Periodic Reporting for period 3 - MyelinPlasticity (Neuronal regulation of CNS myelin plasticity)
Okres sprawozdawczy: 2021-06-01 do 2022-11-30
Myelin is essential for normal brain function, as it provides fast signal transmission, promotes synchronisation of neuronal signals and helps to maintain neuronal function. Alterations in myelination are increasingly being implicated as a mechanism for sensory-motor learning. The importance of myelin becomes evident in diseases, such as multiple sclerosis (MS), where myelin damage causes cognitive and motor disability. Moreover, recent studies have highlighted the contribution of myelin to many diseases that were previously considered to be ‘neuronal’, such as dementia, schizophrenia, autism and bipolar disorder. Despite the profound importance of myelin, there are serious deficits in our understanding of how myelination is regulated and to what extent myelin is plastic; which are impediments for understanding both the functional connectivity of the central nervous system (CNS) and white matter disease.

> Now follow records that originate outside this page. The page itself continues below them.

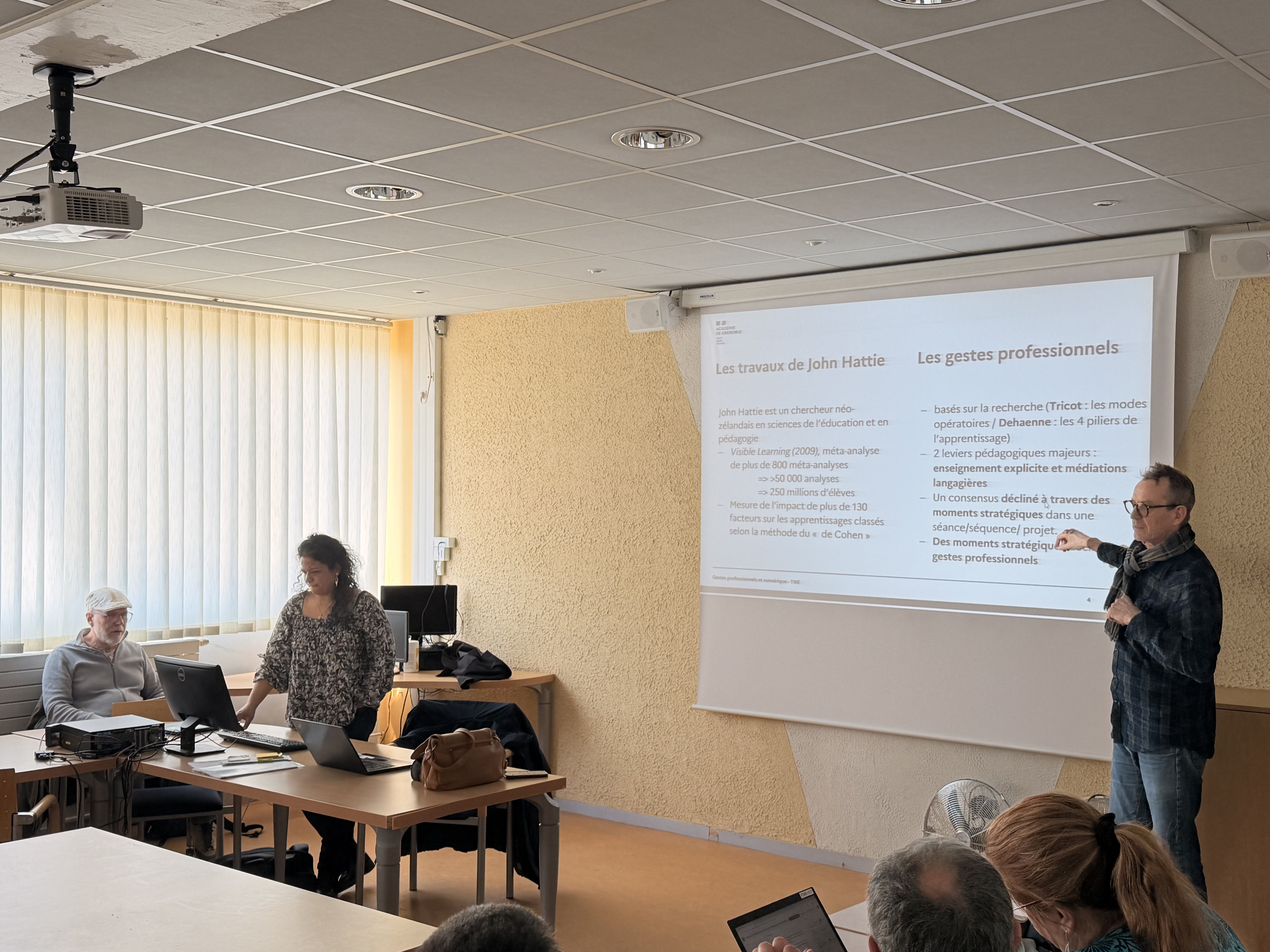La matinée s'est poursuivie avec des apports scientifiques de premier plan. Julien Douady et Christian Hoffmann, du groupe METAH (Modèles et Technologies pour l'Apprentissage Humain) du Laboratoire Informatique de Grenoble (UGA), ont présenté leurs travaux de recherche sur l'usage efficace du numérique dans les apprentissages.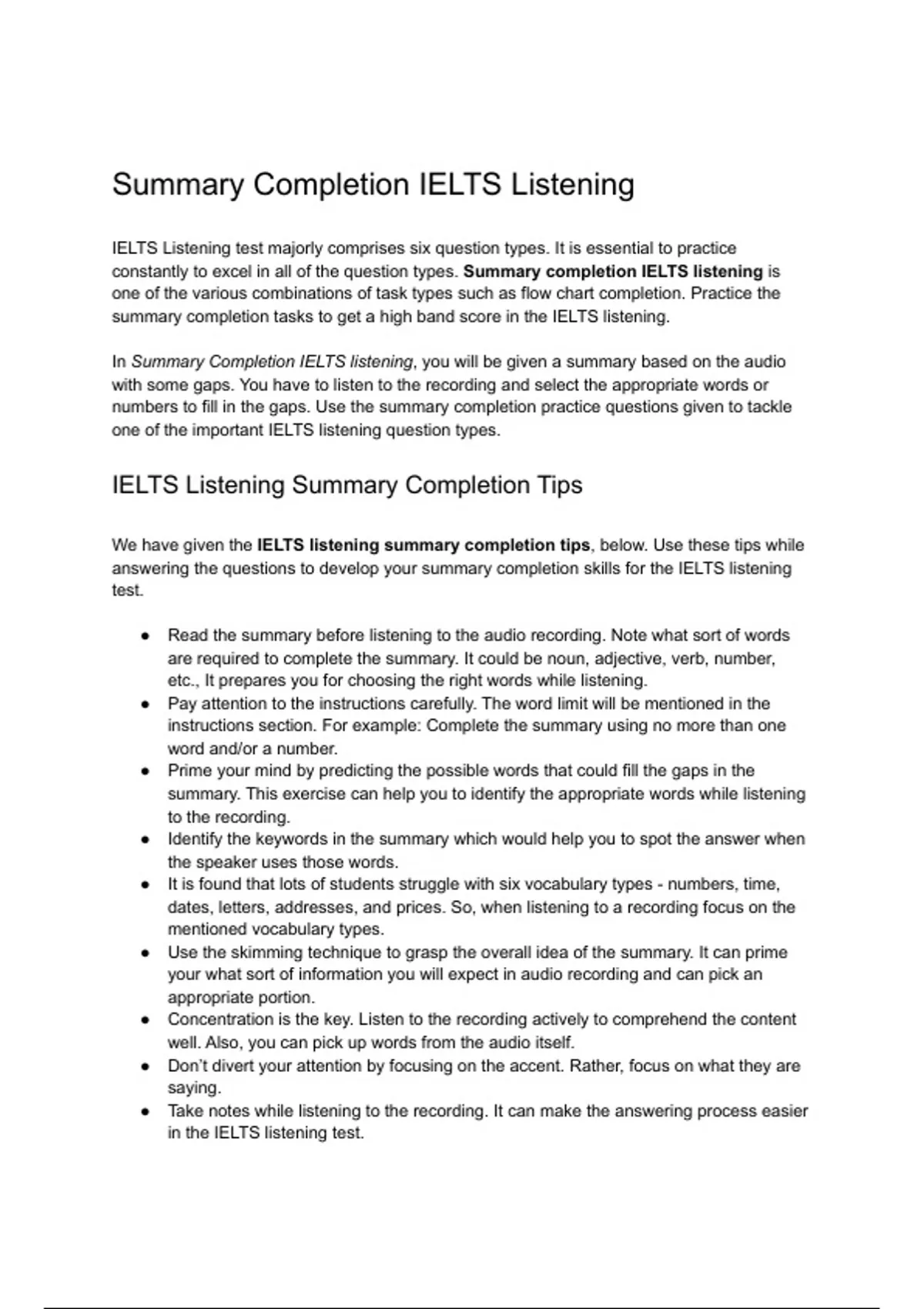 constantly to excel in all of the question types. Summary completion IELTS listening is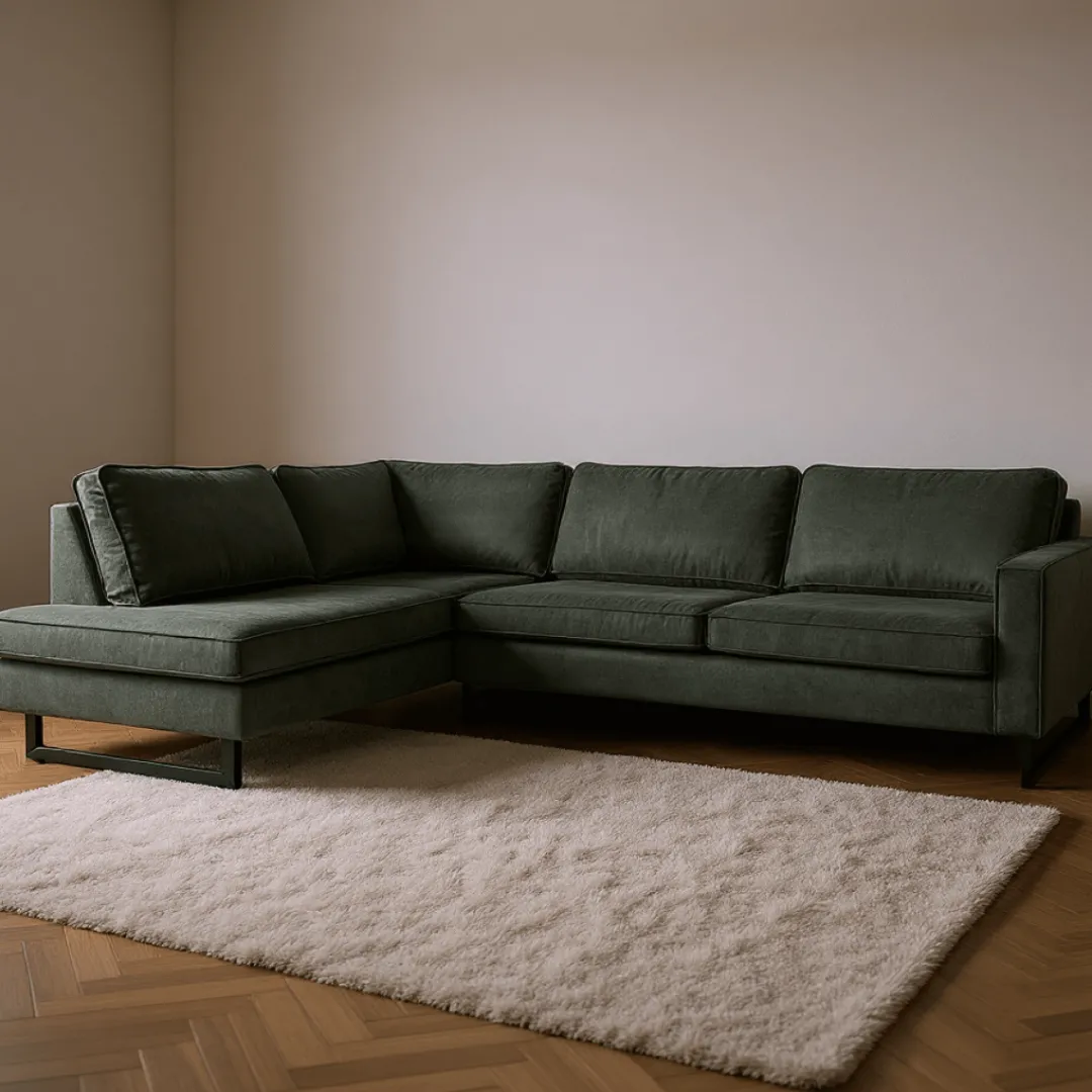 Maak van jouw woonkamer een warme en stijlvolle plek met de Hoekbank Twenty Five. Deze moderne en robuuste bank is uitgevoerd in luxe Missouri-stof en is verkrijgbaar in drie eigentijdse kleuren: Cognac, Antraciet en Groen. Dankzij de ruime afmetingen van 290 x 215 x 82 cm (BxDxH) biedt deze hoekbank alle ruimte voor ontspannen avonden met familie of vrienden.

We, and others, have shown that oligodendrocyte precursor cells (OPCs), which differentiate into myelinating oligodendrocytes, receive synaptic input from axons, express glutamate receptors and that neuronal activity can regulate myelination by activating glutamate receptors. Thus, I hypothesise that neuronal activity is a driver for myelin plasticity, just as it drives synaptic plasticity. The aim of this work is to determine how, and to what extent, changes in neuronal activity regulate myelin formation on unmyelinated axons, and myelin changes on already myelinated axonal tract.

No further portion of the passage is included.